How to complete this task: Using the data below, set down every line from the one containing "МЕТОД / МАКСИМЕРА" through the one containing "Wadah tin merah", inclusive and unchanged. Pictures are to be skipped.

Exercise material:

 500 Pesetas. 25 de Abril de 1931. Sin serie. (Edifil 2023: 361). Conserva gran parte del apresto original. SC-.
* * *
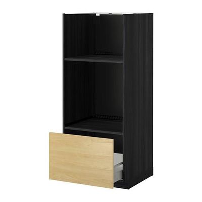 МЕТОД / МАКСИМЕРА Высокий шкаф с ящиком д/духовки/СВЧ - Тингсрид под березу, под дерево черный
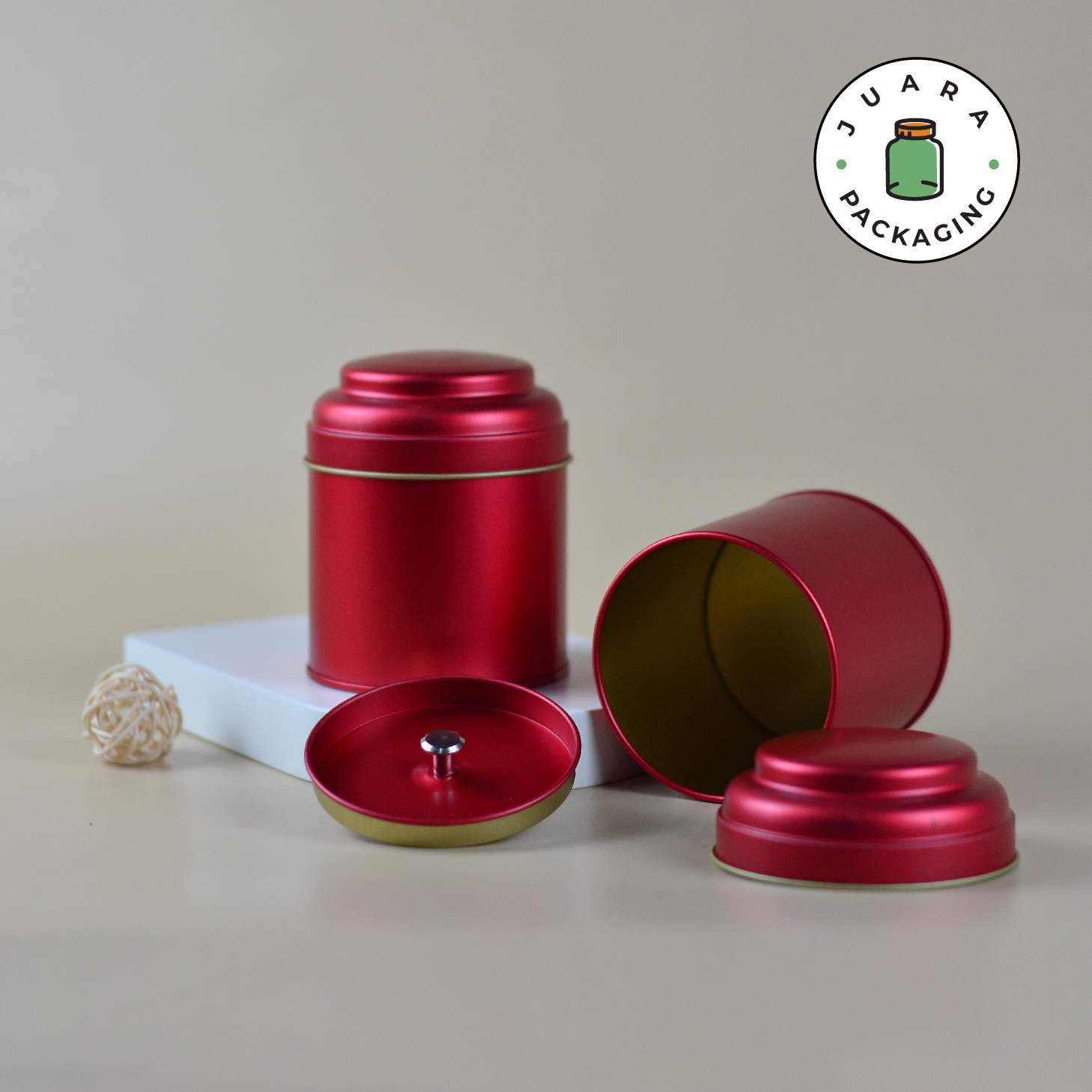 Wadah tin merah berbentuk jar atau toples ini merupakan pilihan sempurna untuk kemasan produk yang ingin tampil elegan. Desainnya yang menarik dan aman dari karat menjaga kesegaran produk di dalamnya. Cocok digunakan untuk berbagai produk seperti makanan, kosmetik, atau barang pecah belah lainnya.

Answer box:
 МЕТОД / МАКСИМЕРА Высокий шкаф с ящиком д/духовки/СВЧ - Тингсрид под березу, под дерево черный
 Wadah tin merah berbentuk jar atau toples ini merupakan pilihan sempurna untuk kemasan produk yang ingin tampil elegan. Desainnya yang menarik dan aman dari karat menjaga kesegaran produk di dalamnya. Cocok digunakan untuk berbagai produk seperti makanan, kosmetik, atau barang pecah belah lainnya.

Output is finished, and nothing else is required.